If you don't have the memory to hold x.toarray(), you don't have the memory to hold the output you're asking for. The output won't be sparse; in fact, unless your input has negative infinities in it, the output probably won't have a single 0.

It'd probably be better to compute exp(x)-1, which is as simple as

x.expm1()
user2357112
  • 260,549
  • 28
  • 431
  • 505
  • Yes, you're right. But, how can I do it only for non zero values then? – Bishwajit Purkaystha Feb 23 '17 at 06:57
  • 1
    What's that? Sparse matrices contain all the numpy functions that happen to map zero to zero as members? There's a feature I wouldn't have expected! – Paul Panzer Feb 23 '17 at 06:58
  • Yes, `scipy/sparse/data.py` has a block of code that `# Add the numpy unary ufuncs for which func(0) = 0 to _data_matrix.`. The key is being able to access the `.data` attribute, and make a new matrix with a `_with_data` method. I wasn't aware of that either. – hpaulj Feb 23 '17 at 07:14
4

To change non-zero elements, maybe this would work for you:

x = some big sparse matrix
np.exp( x.data, out=x.data ) # ask np.exp() to store results in existing x.data

presumably slower:

# above seems more efficient (no new memory alloc).
x.data = np.exp( x.data )

I've been wrestling with how to get an element-wise log2() of each non-zero array element. I ended up doing smth like:

np.log2( x.data, out=x.data )

The following two techniques seem like exactly what I was looking for. My matrix is sparse but it still plenty of non-zero elements.

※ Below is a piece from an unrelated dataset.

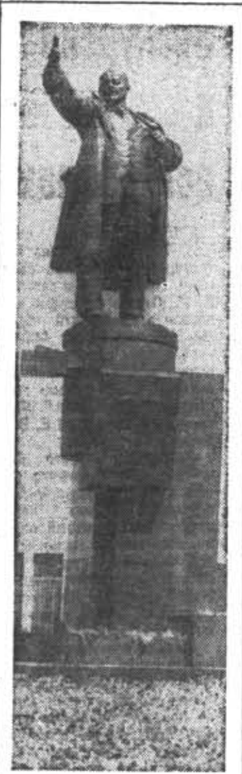
Памятник В. И. Ленину у Финляндского вокзала.

Credit to @DSM here for the idea of directly changing x.data, I think that is a superb insight about sparse matrices.

Credit to @Mike Müller for the idea of using "out" as itself. In the same thread, @kmario23 points out an important caveat about promoting .data to floats (inputs could be int or smth) so it is compatible with the .exp() or whatever function, I would want to do that if I was writing smth for general use.

note: I'm just starting to learn about sparse matrices, so would like to know if this is a bad idea for reason(s) I'm not seeing. Please do let me know if I'm on thin ice with this.

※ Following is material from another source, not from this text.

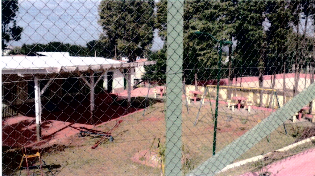
Vista pela Av. José Rossi

Normally I wouldn't mess with private attributes, but .data shows up pretty clearly in the attributes documentation for the various sparse matrices I've looked at.

jgreve
  • 1,225
  • 12
  • 17
3

If you want to do something on nonzeros only: the data attribute is writable at least in some representations including csr and csc. Some representations allow for duplicate entries, so make sure you are acting on a "normalised" form.

Paul Panzer
  • 51,835
  • 3
  • 54
  • 99
0

If you just wan to apply some element-wise function only on the nonzero elements, and ignore all other compressed elements (essentially a masked operation), you could do:

y = x.copy()
y.data = np.exp(y.data)

Other element-wise function could work as well.

Do note that this is a really masked operation, instead of treating all other entries as 0. Because applying a function to 0 may return a nonzero.

Tong Zhou
  • 566
  • 5
  • 7